The present study aimed to investigate the therapeutic effect of monoammonium glycyrrhizinate (MAG) on lipopolysaccharide- (LPS-) induced acute lung injury (ALI) in mice and possible mechanism. Acute lung injury was induced in BALB/c mice by intratracheal instillation of LPS, and MAG was injected intraperitoneally 1 h prior to LPS administration. After ALI, the histopathology of lungs, lung wet/dry weight ratio, protein concentration, and inflammatory cells in the bronchoalveolar lavage fluid (BALF) were determined. The levels of tumor necrosis factor-α(TNF-α) and interleukin-1β(IL-1β) in the BALF were measured by ELISA. The activation of NF-κB p65 and IκB-αof lung homogenate was detected by Western blot. Pretreatment with MAG attenuated lung histopathological damage induced by LPS and decreased lung wet/dry weight ratio and the concentrations of protein in BALF. At the same time, MAG reduced the number of inflammatory cells in lung and inhibited the production of TNF-αand IL-1βin BALF. Furthermore, we demonstrated that MAG suppressed activation of NF-κB signaling pathway induced by LPS in lung. The results suggested that the therapeutic mechanism of MAG on ALI may be attributed to the inhibition of NF-κB signaling pathway. Monoammonium glycyrrhizinate may be a potential therapeutic reagent for ALI.

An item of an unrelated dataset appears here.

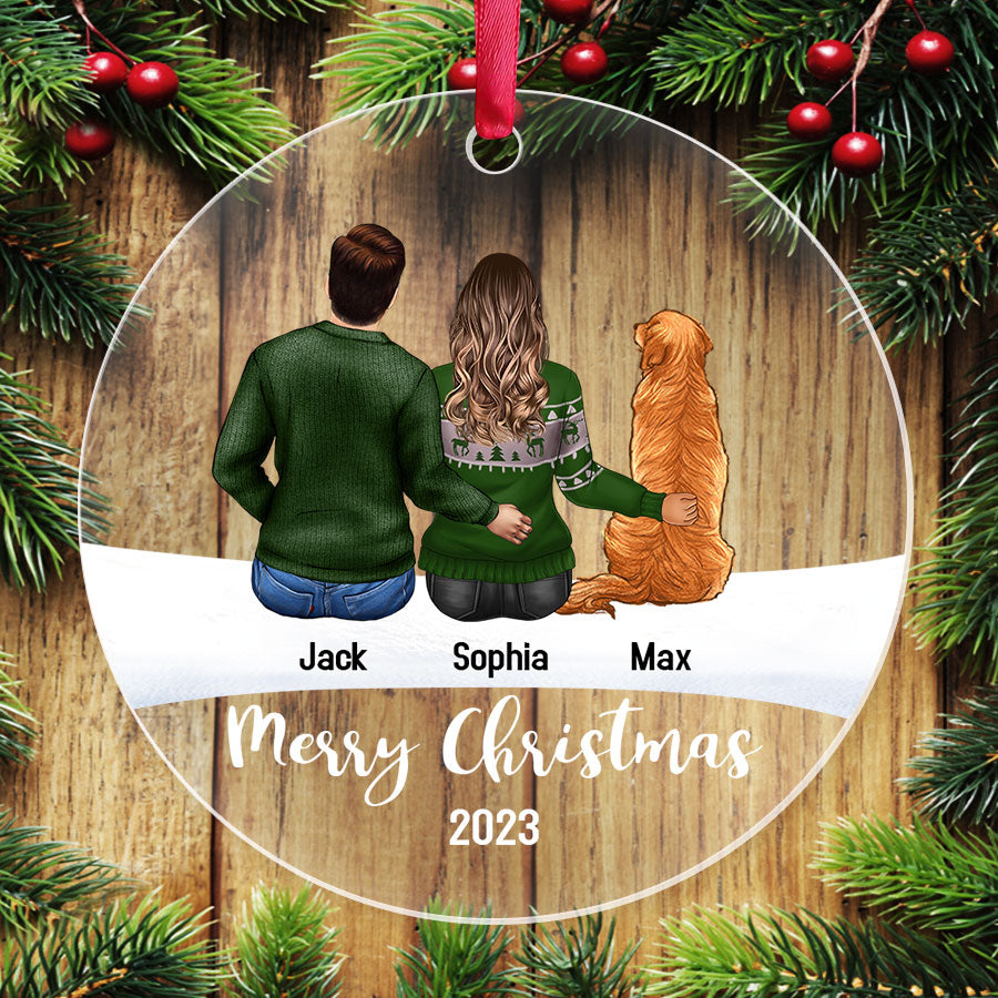 Couple With Dog Ornament | Ornaments Couple | Couple And Dog Ornament | Custom Acrylic Ornaments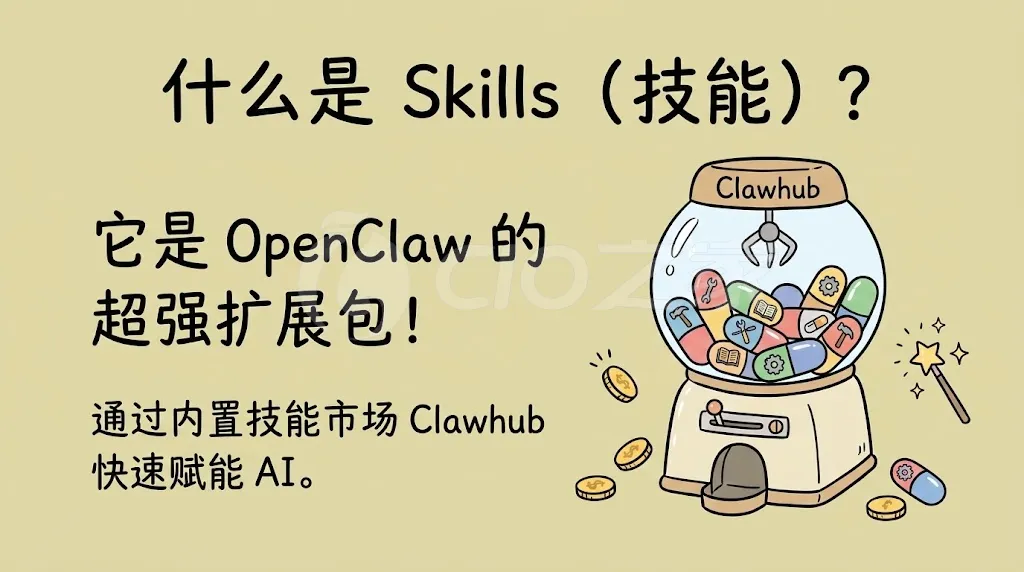 OpenClaw 强大的扩展能力来源于它的技能集(Skills)。你可以通过其内置的技能市场 Clawhub 快速赋能 Agent。

机译:本研究旨在探讨甘草酸单铵盐(MAG)对脂多糖(LPS-)诱导的小鼠急性肺损伤(ALI)的治疗作用及其可能的机制。经气管内滴注LPS在BALB / c小鼠中诱发急性肺损伤,并在LPS给药前1h腹膜内注射MAG。 ALI后,确定肺的组织病理学,肺干/湿重比,蛋白质浓度和支气管肺泡灌洗液(BALF)中的炎症细胞。 ELISA法检测BALF中肿瘤坏死因子-α(TNF-α)和白介素-1β(IL-1β)的水平。 Western blot检测肺匀浆中NF-κBp65和IκB-α的活化。 MAG预处理可减轻LPS引起的肺组织病理学损伤,并降低肺湿重/干重比和BALF中蛋白质的浓度。同时,MAG减少了肺中炎性细胞的数量,并抑制了BALF中TNF-α和IL-1β的产生。此外,我们证明了MAG抑制了LPS诱导的肺中NF-κB信号通路的激活。结果提示MAG对ALI的治疗机制可能归因于NF-κB信号通路的抑制。甘草酸单铵盐可能是ALI的潜在治疗剂。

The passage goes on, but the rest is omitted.